Edward Bartley (23 February 1839 – 28 May 1919) was a Jersey-born New Zealand architect. Beginning as a builder, Bartley transitioned into a career as an architect, not an uncommon occurrence in the 19th century. He is responsible for designing more than 20 churches and some of Auckland's most notable buildings.

==Life and career==
===Early life===
Bartley was born to Robert Bartley (18 October 1798 – 9 April 1857) and Elizabeth ‘Betsy’ Benest (27 December 1801 – 24 March 1856) in Saint Helier, Jersey, Channel Islands.

The Bartley family lived in a tight-knit community in Saint Helier. They also had family connections on the island of Guernsey, mainland Europe and in the United States. The Bartley family resided in a home in Union Court, St Helier – a short lane running off the north side of Union Street. The family home was designed and built by Edward Bartley's father, Robert Bartley.

Edward Bartley was the tenth child born to his parents. Bartley's parents had twelve children, however, only five would survive through childhood.

The Bartley children were well educated according to standards of the time. Bartley received lessons in drawing, drafting, music, calculation, languages, classics and mathematics. Bartley also acquired a taste for science and technologies which were advancing rapidly at the time. In particular, the advancements made in the development of the microscope, and in photography, were of interest to him all his life.

===Immigration to New Zealand and career beginnings===
The Bartley children were well educated, according to the standards of the day. Edward received a solid grounding in drawing, drafting, music and calculation, in addition to the languages, classics and mathematics. He had also acquired a taste for the new science and technologies, which were developing swiftly at that time. In particular the advancements made in the development of the microscope, and in photography, continued to interest him all his life.

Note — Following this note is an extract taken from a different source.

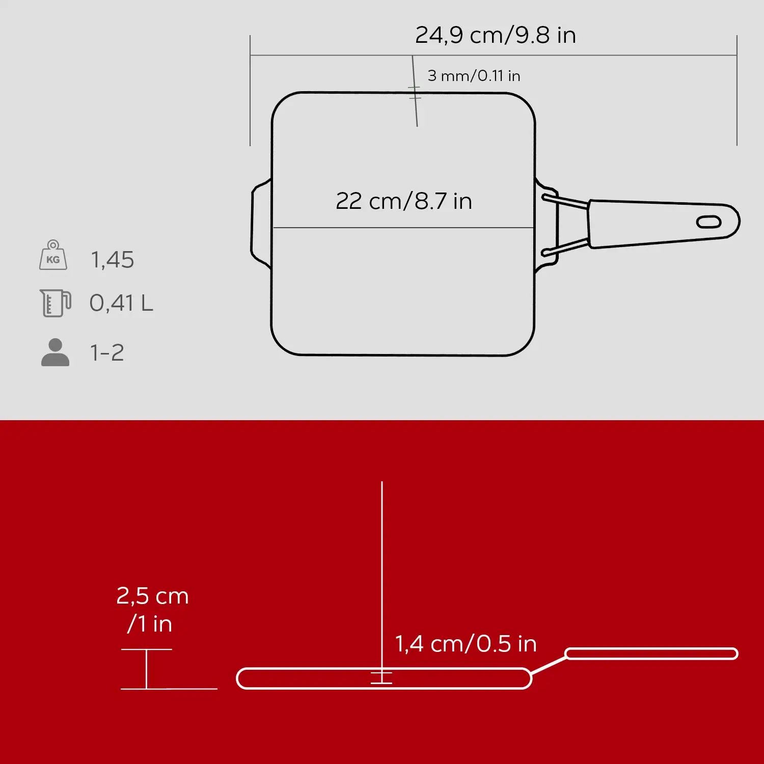 Belső méretek (hosszúság x szélesség x magasság): 22 x 20,2 x 1,4 cm.

Edward Bartley began his career as an apprentice to his father, at the age of thirteen. In this field, he followed his older brother, Robert, who had already qualified as a master builder.
After two years, Edward Bartley left Jersey having acquired some work experience and the sale-able skills of building and carpentry.
Bartley made the decision to leave Jersey due to the flat local economy which had resulted in no further public building projects.

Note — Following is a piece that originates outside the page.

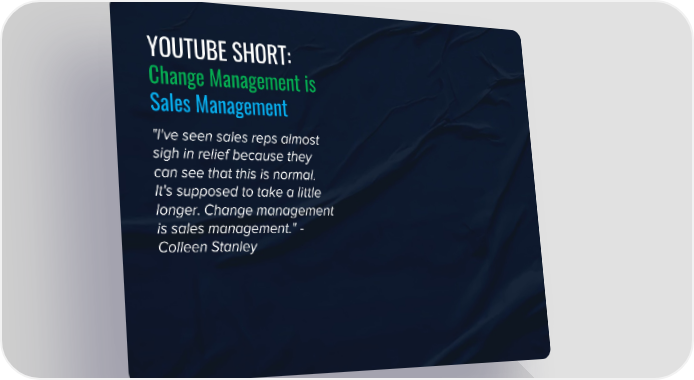 YOUTUBE SHORT: Change Management is Sales Management "I've seen sales reps almost sigh in relief because they can see that this is normal. It's supposed to take a little longer. Change management is sales management." - Colleen Stanley

Bartley's father, Robert, was of an age to retire. He had also contracted tuberculosis, a disease which had already claimed the lives of several family members.
In June 1854, Edward Bartley departed from London with his older brother Robert and his family with their sights set on New Zealand. There were a number of destinations available to immigrate to, but the possibility of land grants to approved settlers may have tipped the balance in favour of the Bartley brothers choosing to immigrate to New Zealand. The Auckland local government was keen to attract immigrants and had advertised in the British Isles the opportunity to receive free grants of land in the Auckland area.

Having made their plans to leave Jersey one year prior to their departure, the Bartley brothers would have felt their decision a timely one. In March of that same year, conditions in Europe had begun to deteriorate, leading ultimately to Britain declaring war against the Russian Empire.

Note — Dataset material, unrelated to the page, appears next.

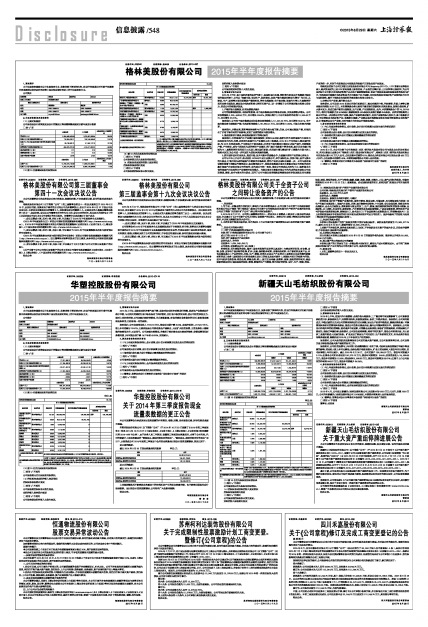 证券简称:禾嘉股份 证券代码:600093 编号:2015-052

Bartley accompanied his brother, Robert, to London – along with them followed Esther Kerby, wife of Robert Bartley, their young children and their possessions.
The Bartley brothers set sail for New Zealand on 20 June 1854 aboard the Joseph Fletcher. After a passage of 115 days, the Bartleys reached New Zealand in early October.
Auckland in 1854 was no sophisticated port settlement. In the absence of a wharf, the ships anchored midstream. Passengers and goods were transferred to lighters and run ashore on to the beach to disembark. In some weathers this could be a hazardous and nerve-wracking end to a long sea journey, especially so for parents of young children who had been penned up for several months. From the beach, the fortunate acquired drays to transport themselves and their possessions further into the town, the usual disembarking point being approximately the corner of the present day Queen Street and Shortland Streets.

There was an abundance of building work available in Auckland. The primary obstacle in building then was the scarcity of materials. Men with good training, who could easily adapt to colonial methods were desperately needed. Men who were not above dressing their own timber in order to get the job done. It was hard physical work that was waiting to be done and there was plenty of it.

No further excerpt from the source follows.